* _WHAT IS EXPECTED_: From the line with "ဆုံဆို့၊ မေးခိုင်ကာကွယ်ဆေးထိုးနှံပေးခြင်းကို ယမန်နေ့" to the end of the data below, restate each line word for word, both ends included, without the pictures.

* _DATA EXCERPT_:
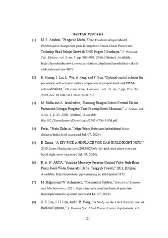 Penelitian ini bertujuan untuk merancang sistem pneumatik dengan multi speed control pada unit transfer linear pick and place. Sistem ini dirancang untuk meningkatkan efisiensi dan akurasi dalam proses pengambilan dan penempatan komponen di jalur produksi. Transfer unit linear pick and place yang efektif sangat penting dalam aplikasi industri yang memerlukan penanganan material yang cepat dan presisi. Dalam perancangan ini, digunakan komponen utama seperti silinder pneumatik, rodless cylinder, katup solenoid, pengontrol logika terprogram (PLC), dan sensor posisi. Sistem multi-speed control memungkinkan silinder untuk bergerak dengan kecepatan yang bervariasi pada tahap yang berbeda dari siklus kerja, yang memberikan fleksibilitas dan optimalisasi waktu siklus. Misalnya, kecepatan tinggi digunakan untuk pergerakan awal dan kecepatan rendah untuk penempatan akhir yang presisi. Sistem yang dirancang juga menunjukkan keandalan yang tinggi dan mudah dalam perawatan. Implementasi sistem ini diharapkan dapat memberikan manfaat signifikan dalam aplikasi industri yang memerlukan otomatisasi pick and place yang cepat dan akurat, seperti dalam industri elektronik, otomotif, dan pengemasan. Penelitian ini menyimpulkan bahwa penggunaan sistem pneumatik dengan multi speed control pada transfer unit linear pick and place adalah solusi yang efisien dan efektif untuk meningkatkan produktivitas dan kualitas produksi.
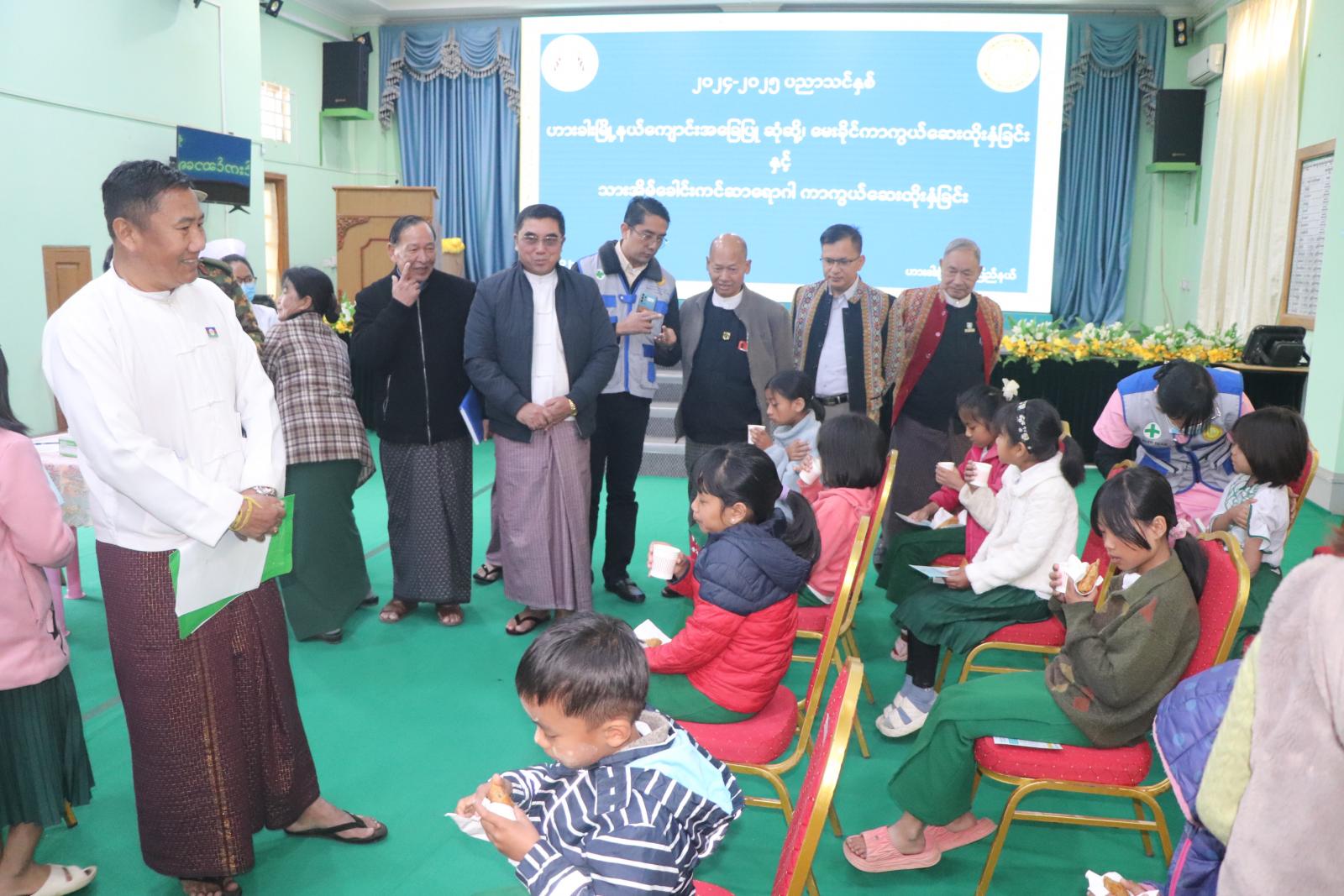 ၂၀၂၄−၂၀၂၅ ပညာသင်နှစ် ကျောင်းအခြေပြုသားအိမ်ခေါင်းကင်ဆာရောဂါကာကွယ်ဆေးနှင့် ဆုံဆို့၊ မေးခိုင်ကာကွယ်ဆေးထိုးနှံပေးခြင်းကို ယမန်နေ့ နံနက် ၁၁ နာရီက ဟားခါးမြို့ပေါ်ရှိ အခြေခံပညာအထက်တန်းကျောင်း(၄)ကျောင်း၊ မူလွန်ကျောင်း(၁)ကျောင်း၊ အခြေခံပညာမူလတန်းကျောင်း(၁)ကျောင်း၊ ကိုယ်ပိုင်ကျောင်း(၇)ကျောင်း စုစုပေါင်းကျောင်း(၁၃)ကျောင်းနှင့် ချင်းပြည်နယ်အစိုးရအဖွဲ့ရုံးများတွင်ကျင်းပရာ ချင်းပြည်နယ်ဝန်ကြီးချုပ် ဒေါက်တာဝုန်ဆွန်းထန်၊ ပြည်နယ်တရားလွှတ်တော်တရားသူကြီးချုပ်ဦးနေစိုး၊ ပြည်နယ်ဝန်ကြီးများ၊ ပြည်နယ်ဥပဒေချုပ်နှင့် ပြည်နယ်အစိုးရအဖွဲ့အတွင်းရေးမှူးတို့က ကြည့်ရှုအားပေးသည်။
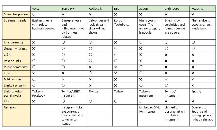 (Figure 5: Comparison of various social audio apps)

* _RESPONSE TO THIS TASK_:
 ၂၀၂၄−၂၀၂၅ ပညာသင်နှစ် ကျောင်းအခြေပြုသားအိမ်ခေါင်းကင်ဆာရောဂါကာကွယ်ဆေးနှင့် ဆုံဆို့၊ မေးခိုင်ကာကွယ်ဆေးထိုးနှံပေးခြင်းကို ယမန်နေ့ နံနက် ၁၁ နာရီက ဟားခါးမြို့ပေါ်ရှိ အခြေခံပညာအထက်တန်းကျောင်း(၄)ကျောင်း၊ မူလွန်ကျောင်း(၁)ကျောင်း၊ အခြေခံပညာမူလတန်းကျောင်း(၁)ကျောင်း၊ ကိုယ်ပိုင်ကျောင်း(၇)ကျောင်း စုစုပေါင်းကျောင်း(၁၃)ကျောင်းနှင့် ချင်းပြည်နယ်အစိုးရအဖွဲ့ရုံးများတွင်ကျင်းပရာ ချင်းပြည်နယ်ဝန်ကြီးချုပ် ဒေါက်တာဝုန်ဆွန်းထန်၊ ပြည်နယ်တရားလွှတ်တော်တရားသူကြီးချုပ်ဦးနေစိုး၊ ပြည်နယ်ဝန်ကြီးများ၊ ပြည်နယ်ဥပဒေချုပ်နှင့် ပြည်နယ်အစိုးရအဖွဲ့အတွင်းရေးမှူးတို့က ကြည့်ရှုအားပေးသည်။
 (Figure 5: Comparison of various social audio apps)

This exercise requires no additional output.